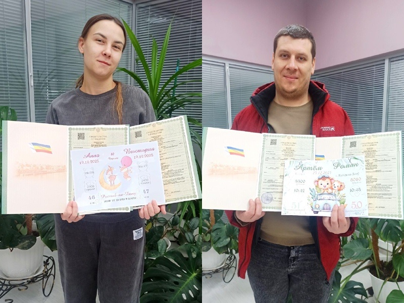 Город Шахты начинает год с прекрасных новостей – 5 января были зарегистрированы первые двойни. У Екатерины Скоробогатовой 19 декабря 2025 года родились две дочери — Анна и Виктория. В семье Натальи и Евгения Левченко 25 декабря 2025 года появились на свет мальчишки — Артём и Роман. Для обеих семей эти малыши стали первым и вторым ребёнком соответственно. Для родителей это одновременно радость и ответственность — стать родителями впервые и сразу для двоих крох. Молодые родители оценили современный комфорт. В ЗАГСе не было никаких очередей и лишней суеты. Документы родители малышей оформили через сервис Госуслуг «Рождение ребёнка», а свидетельства о рождении получили в отделе ЗАГС в удобное время. Сотрудники отдела ЗАГС поздравляем семьи с этим двойным подарком судьбы и пожелали малышам крепкого здоровья, а родителям — сил и побольше спокойных ночей.
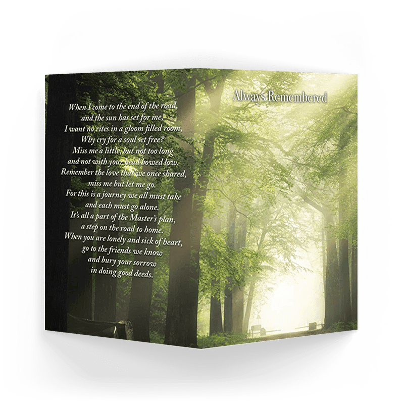 - Our memorial cards are finished to size 75mm x 105mm when folded.
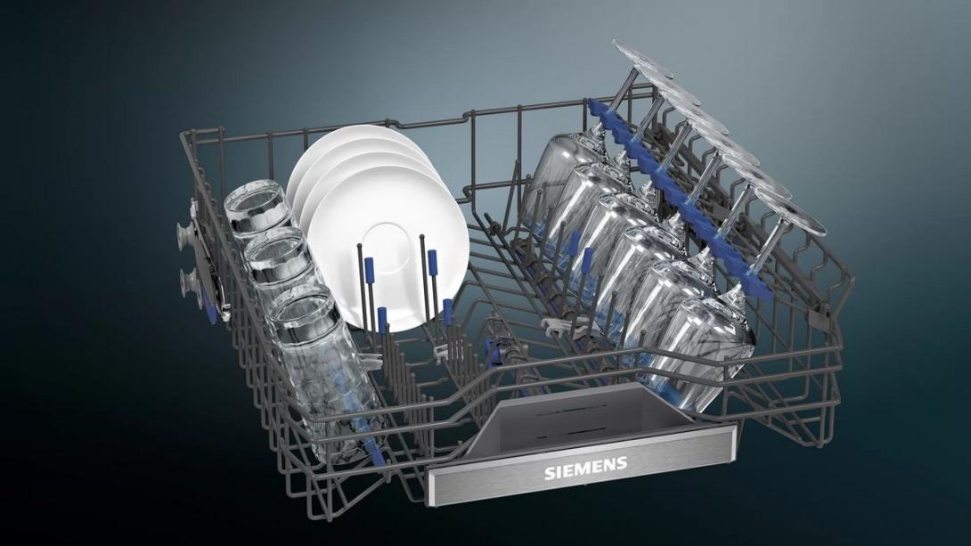 SN27YI03CEPrémiová konštrukcia umývačiek riadu Siemens nie je viditeľná iba zvonku. Modro označené uchopovacie časti vo vnútri umývačky vám na prvý pohľad ukazujú všetky možnosti nastavenia košov. Veľké hrnce tak môžu byť uložené rýchlejšie. Poháre na víno a šampanské sú výrazne stabilnejšie.
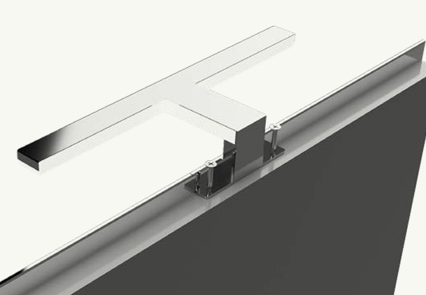 The “dual” fixing bracket allows installation on both the profile and the edge of the mirror, ensuring stability and ease of assembly.

▸ **Exercise directions**:
Transcribe, exactly and without pictures, everything in the data from the line with "- Our memorial" down to the line with "SN27YI03CEPrémiová konštrukcia umývačiek", both included.

▸ **Task solution**:
 - Our memorial cards are finished to size 75mm x 105mm when folded.
 SN27YI03CEPrémiová konštrukcia umývačiek riadu Siemens nie je viditeľná iba zvonku. Modro označené uchopovacie časti vo vnútri umývačky vám na prvý pohľad ukazujú všetky možnosti nastavenia košov. Veľké hrnce tak môžu byť uložené rýchlejšie. Poháre na víno a šampanské sú výrazne stabilnejšie.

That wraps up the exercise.